Numerous studies have demonstrated the anti-tumor effects of CX-4945 in leukemias or lymphomas, resulting from inhibition of CK2 expression (Figure 1). Based on these results, we propose that CX-4945 has a potential role in novel therapeutic strategies in the future. Additionally, the combination of CX-4945 with various other anti-cancer drugs may be a useful therapeutic strategy for treatment of hematological cancers (Table 1).

FIGURE 1

Schematic of CK2-mediated signaling pathways inhibited by CX-4945.

TABLE 1

Anti-cancer drugs for potential combination therapy with CX-4945 in treatment of human hematological cancers.

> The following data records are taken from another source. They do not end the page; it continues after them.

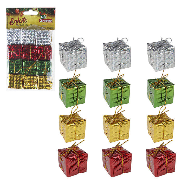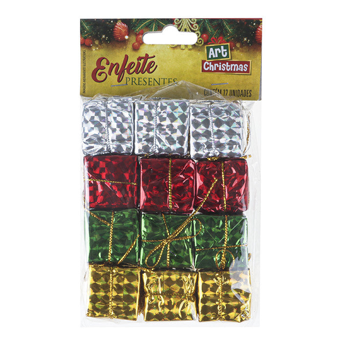 Dê um toque mágico à sua decoração natalina com nossas encantadoras mini caixinhas de presente, projetadas especialmente para adornar a sua árvore de Natal. Cada conjunto vem com 12 unidades coloridas, proporcionando uma explosão de alegria festiva.
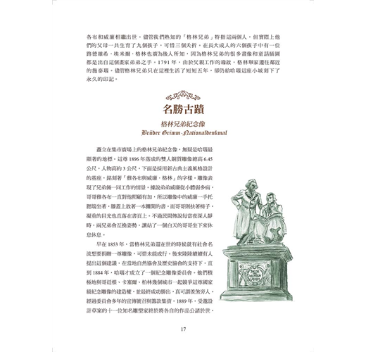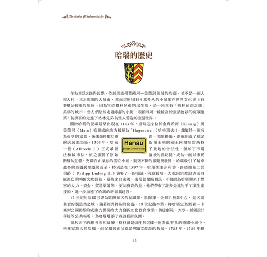 我們的旅程從兄弟倆的出生地哈瑙開始,那裡有一尊標誌性的格林兄弟雕像,象徵著童話之路的起點。他們在這座小城居住了5 年,又在施泰瑙度過了一段幸福的童年時光。在卡塞爾中學畢業後,兩人便一起去了馬爾堡大學攻讀法學專業。因為在學校裡接受了很多新興的自由思想,格林兄弟畢業後一直致力於德國民間文學的收集與傳播。他們在卡塞爾及周邊地區走街串巷,將一段段口耳相傳的小故事編集成冊,無意中成就了這部流傳至今的《格林童話》,並在1812年出版第一卷。現在,翻翻你的書櫃,看看還能否找到一本頁角發黃的《格林童話》?輕輕拂去塵土,把它塞進沉甸甸的行囊,帶著種種的興奮和期待,開始踏上一段充滿溫暖與感動的未知旅程吧!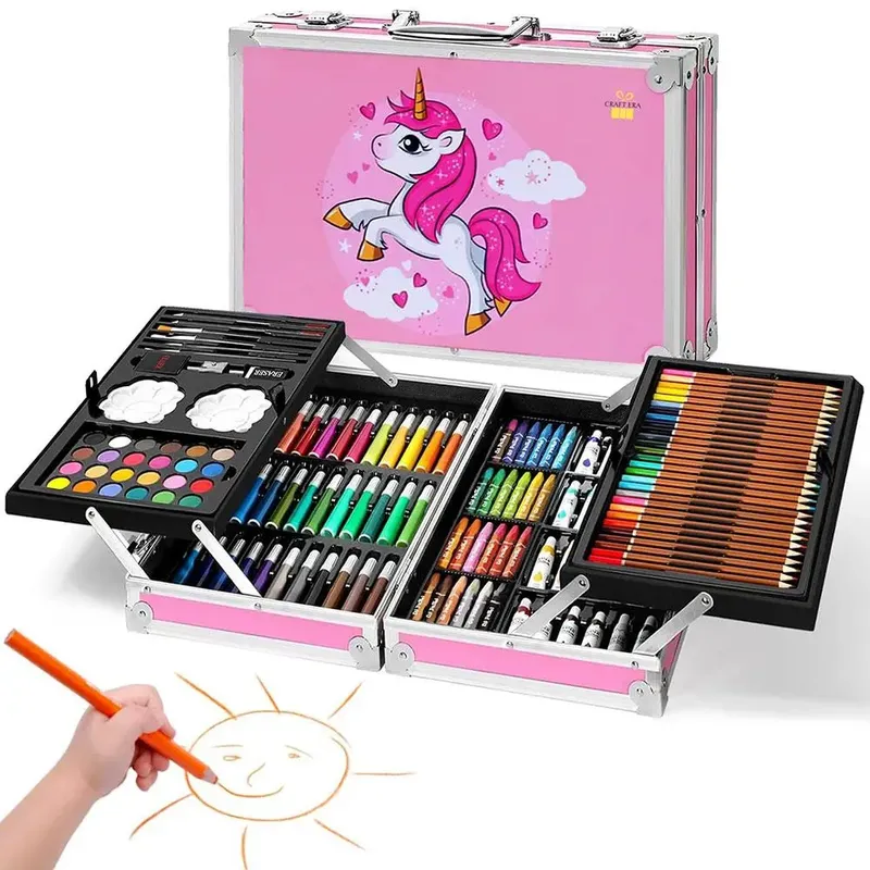 Набір для малювання 145 предметів, у валізі / великий набір для творчості для дівчинки

Disease	Target CK2 subunits	Combined inhibitors	Target	IC50 or Ki	Reference
CLL	α, α′	Ibrutinib	BTK (Bruton’s tyrosine kinase)	0.5 nM (Ki)	Honigberg et al. (2010)
ALL	α, α′	Temsirolimus	mTOR	1.76 μM	Shor et al. (2008)
CML	α, β	Imatinib	Bcr-Abl	0.6 μM	Buchdunger et al. (1995)
AML	α, β	Daunorubicin	DNA or RNA synthesis	0.02 μM	Gewirtz (1999)
MM	α, β	Bortezomib	20S proteasome	0.6 nM (Ki)	Adams et al. (1999)

Author Contributions

HC, KB, and YL collected and analyzed the background research and created the figure and the table. JK wrote the manuscript.

Conflict of Interest Statement

The authors declare that the research was conducted in the absence of any commercial or financial relationships that could be construed as a potential conflict of interest.